A speech segment database creation method for creating a speech segment database from speech waveform data to which a phoneme label is assigned for each phoneme section length,
The speech waveform data is input, and the second half of the preceding phoneme section and the first half of the subsequent phoneme section of any two adjacent phoneme sections are connected to form a diphone section, and the phonemes of the preceding phoneme section are connected. A phoneme-to-diphone section conversion step of connecting the label and the phoneme label of the subsequent phoneme section to form a diphone label, and associating and outputting the diphone section and the diphone label;
The speech waveform data, the diphone label, and the diphone section are input, and the speech waveform data is converted into speech parameters for each diphone section and for each fixed frame length, and a speech parameter column for each diphone section is converted to speech. A voice parameter series conversion step for outputting the voice parameter series in association with the diphone section as a parameter series;
The voice parameter series, the diphone label, and the diphone section are input, and for each diphone section, one or more voice parameters are selected from the voice parameter series associated with the diphone section as a representative pattern, A speech model generation step of generating a speech model composed of a representative pattern, and outputting a corresponding diphone label associated with the diphone section and the speech model;
Missing output of the diphone label and the defined diphone label list as input, and the diphone label that is present in the defined diphone label list but not entered as the diphone label is output as a missing diphone label A diphone label output step;
The voice model and the diphone label are input, the voice model is divided into a first half and a second half to make both half phones, and the first half of the diphone label associated with the divided voice model is a half phone.

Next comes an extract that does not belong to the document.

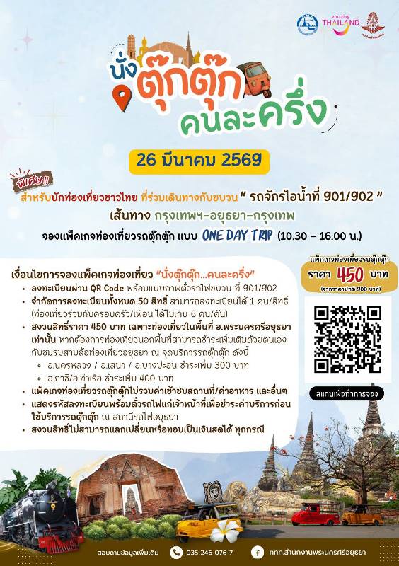 ในโอกาสพิเศษนี้ การรถไฟฯ ได้ร่วมกับ ททท.สำนักงานพระนครศรีอยุธยา จัดแพคเกจท่องเที่ยวราคาพิเศษ “นั่งตุ๊กตุ๊กคนละครึ่ง” ให้แก่นักท่องเที่ยวที่ร่วมเดินทางกับขบวนรถพิเศษนำเที่ยวรถจักรไอน้ำในวันดังกล่าว ในราคาพิเศษคันละ 450 บาท จากปกติราคา 900 บาท โดยสามารถใช้เดินทางไปยังสถานที่ท่องเที่ยวสำคัญภายในจังหวัดพระนครศรีอยุธยาได้ ตั้งแต่เวลา 10.30 น. – 16.00 น. ผู้สนใจสามารถลงทะเบียนผ่าน QR Code พร้อมแนบหลักฐานตั๋วโดยสารขบวนดังกล่าว สอบถามข้อมูลเพิ่มเติมที่ การท่องเที่ยวแห่งประเทศไทย สำนักงานพระนครศรีอยุธยา หมายเลขโทรศัพท์ 035 246 076 ในวันและเวลาราชการ

The phone label is output in association with the half phone consisting of the first half of the divided voice model, and the second half of the diphone label associated with the divided voice model is used as the half phone label. A half phone generation step of outputting in association with a half phone comprising the second half of the voice model;
The half phone that has the half phone, the half phone label, and the missing diphone label as inputs and is associated with a half phone label that is the same as or similar to the front half of any missing diphone label, and the missing diphone An alternative speech model generation step of connecting a half phone corresponding to the same or similar half phone label to the latter half of the label and outputting as an alternative speech model;
A speech unit database creation method comprising:

An alternative speech model creation method for creating an alternative speech segment database from a speech model assigned a diphone label,
Missing output of the diphone label and the defined diphone label list as input, and the diphone label that is present in the defined diphone label list but not entered as the diphone label is output as a missing diphone label A diphone label output step;
The voice model and the diphone label are input, the voice model is divided into a first half and a second half to make both half phones, and the first half of the diphone label associated with the divided voice model is a half phone. The phone label is output in association with the half phone consisting of the first half of the divided voice model, and the second half of the diphone label associated with the divided voice model is used as the half phone label. A half phone generation step of outputting in association with a half phone comprising the second half of the voice model;
The half phone that has the half phone, the half phone label, and the missing diphone label as inputs and is associated with a half phone label that is the same as or similar to the front half of any missing diphone label, and the missing diphone An alternative speech model generation step of connecting a half phone corresponding to the same or similar half phone label to the latter half of the label and outputting as an alternative speech model;
An alternative speech model creation method comprising:

The program for functioning a computer as an apparatus in any one of Claims 1-6.